What is required
For the records below, please print exactly and only the lines from the one with "4、キャベツに火が通ったら、" down to the one with "Áo khoác da", both ends included, omitting the pictures.
####
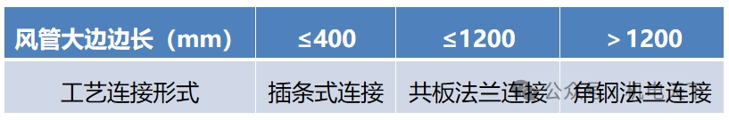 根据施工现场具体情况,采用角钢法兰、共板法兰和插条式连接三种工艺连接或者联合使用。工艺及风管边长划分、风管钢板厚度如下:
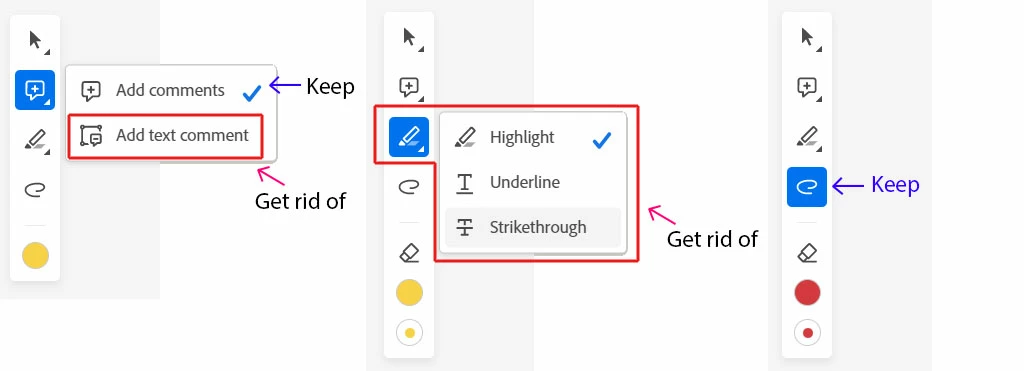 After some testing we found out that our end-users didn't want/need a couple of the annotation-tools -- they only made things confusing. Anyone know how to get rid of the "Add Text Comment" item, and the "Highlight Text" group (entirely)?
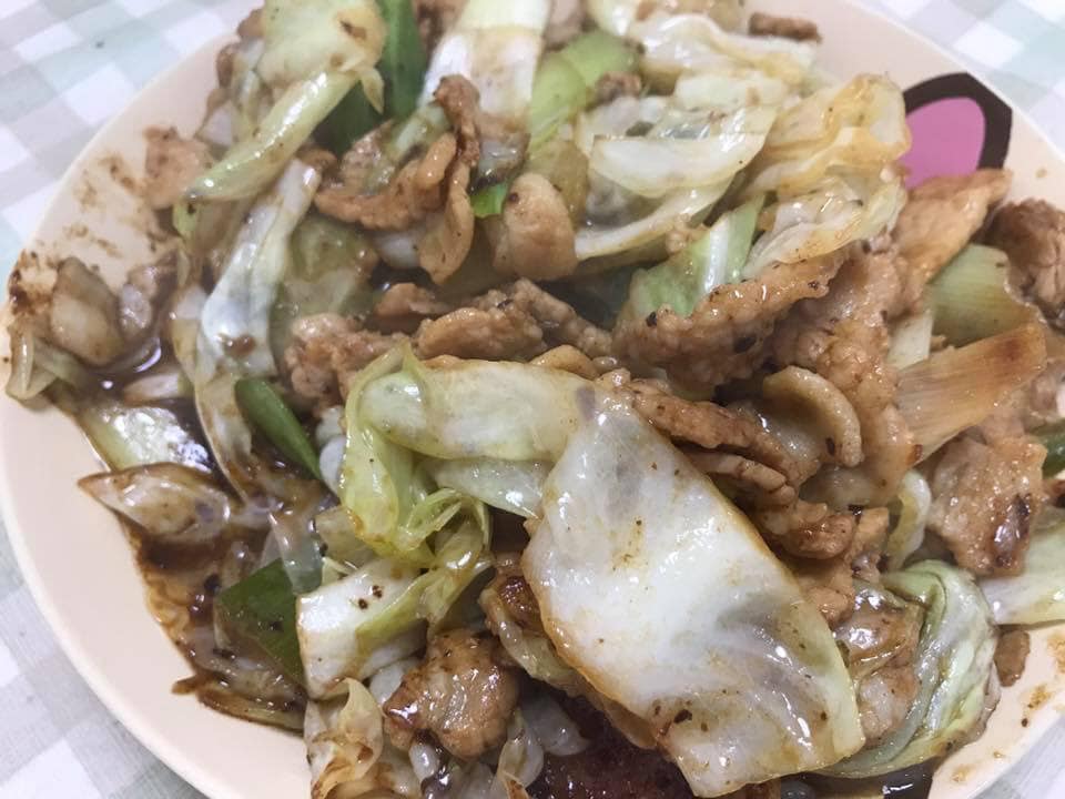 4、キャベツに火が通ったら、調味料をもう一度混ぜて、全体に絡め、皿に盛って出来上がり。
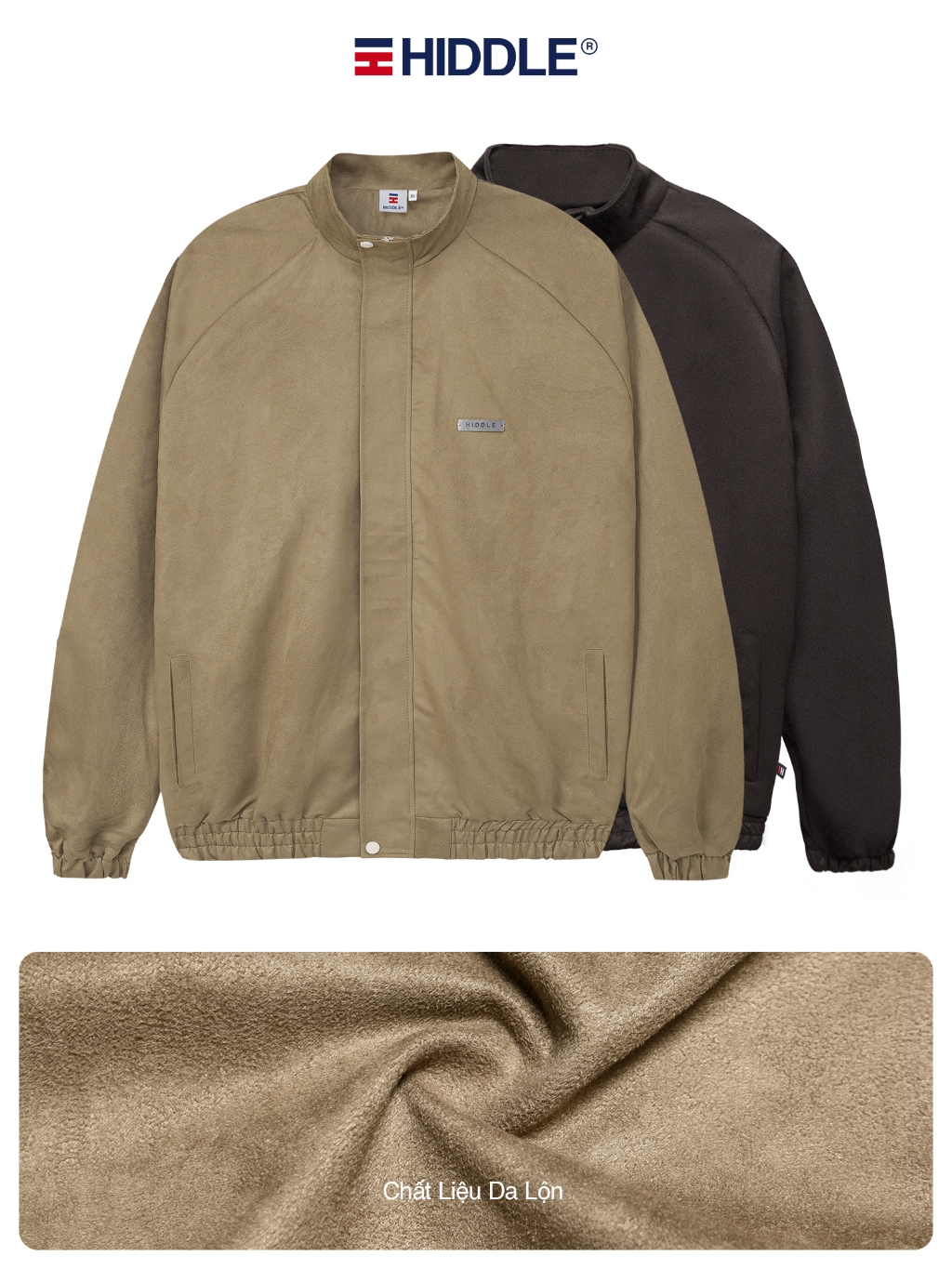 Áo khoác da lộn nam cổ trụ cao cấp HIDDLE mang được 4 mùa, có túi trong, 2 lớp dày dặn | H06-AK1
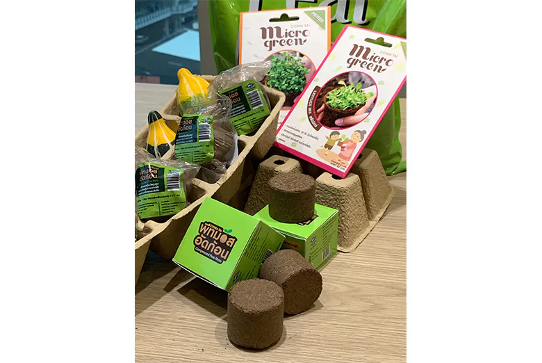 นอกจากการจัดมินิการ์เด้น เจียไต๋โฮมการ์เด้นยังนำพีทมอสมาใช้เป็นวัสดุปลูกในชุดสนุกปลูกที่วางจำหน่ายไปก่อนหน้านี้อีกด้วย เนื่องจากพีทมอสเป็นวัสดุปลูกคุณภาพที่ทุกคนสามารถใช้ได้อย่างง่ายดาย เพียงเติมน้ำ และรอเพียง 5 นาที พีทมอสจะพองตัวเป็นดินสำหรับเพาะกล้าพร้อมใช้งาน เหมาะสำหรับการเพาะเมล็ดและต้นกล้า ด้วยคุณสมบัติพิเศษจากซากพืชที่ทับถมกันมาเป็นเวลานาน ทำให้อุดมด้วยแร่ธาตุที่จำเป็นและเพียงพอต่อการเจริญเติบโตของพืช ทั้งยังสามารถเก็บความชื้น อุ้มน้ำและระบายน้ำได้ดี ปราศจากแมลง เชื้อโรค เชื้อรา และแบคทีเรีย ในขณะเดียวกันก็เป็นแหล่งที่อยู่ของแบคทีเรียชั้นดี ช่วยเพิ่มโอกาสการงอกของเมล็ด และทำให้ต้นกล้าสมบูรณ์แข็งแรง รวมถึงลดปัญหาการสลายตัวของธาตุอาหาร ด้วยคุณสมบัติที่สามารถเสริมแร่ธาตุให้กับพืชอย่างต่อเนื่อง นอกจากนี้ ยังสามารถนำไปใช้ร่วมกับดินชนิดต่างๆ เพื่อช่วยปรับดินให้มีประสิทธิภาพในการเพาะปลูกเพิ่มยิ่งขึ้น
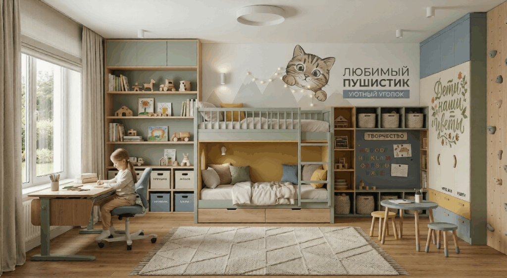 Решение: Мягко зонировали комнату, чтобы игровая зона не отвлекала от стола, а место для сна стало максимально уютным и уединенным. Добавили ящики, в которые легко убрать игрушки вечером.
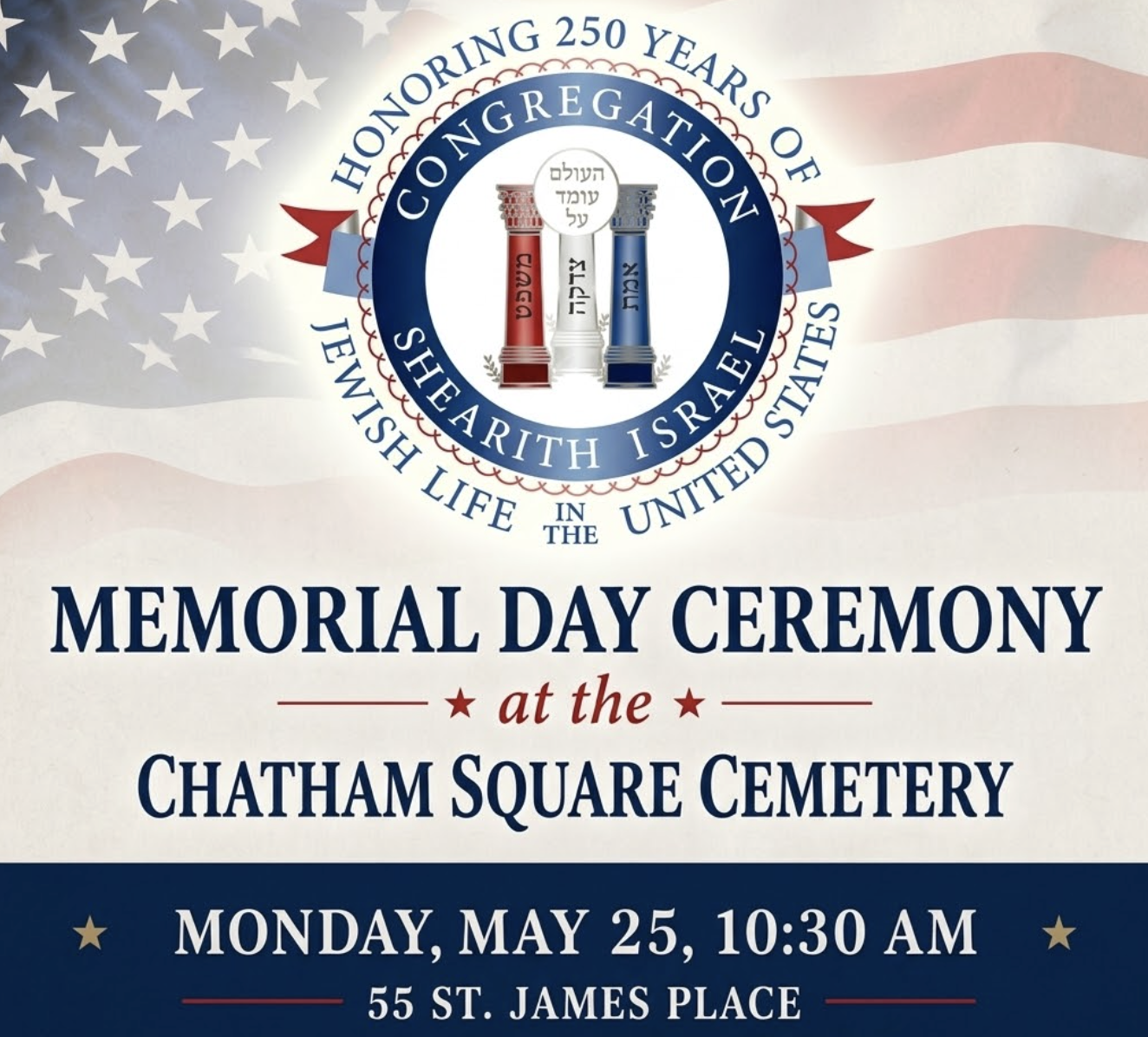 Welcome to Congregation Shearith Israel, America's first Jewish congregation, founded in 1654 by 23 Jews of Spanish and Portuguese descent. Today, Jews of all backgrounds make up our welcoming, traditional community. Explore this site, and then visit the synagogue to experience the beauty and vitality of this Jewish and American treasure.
####
Solution for this task
 4、キャベツに火が通ったら、調味料をもう一度混ぜて、全体に絡め、皿に盛って出来上がり。
 Áo khoác da lộn nam cổ trụ cao cấp HIDDLE mang được 4 mùa, có túi trong, 2 lớp dày dặn | H06-AK1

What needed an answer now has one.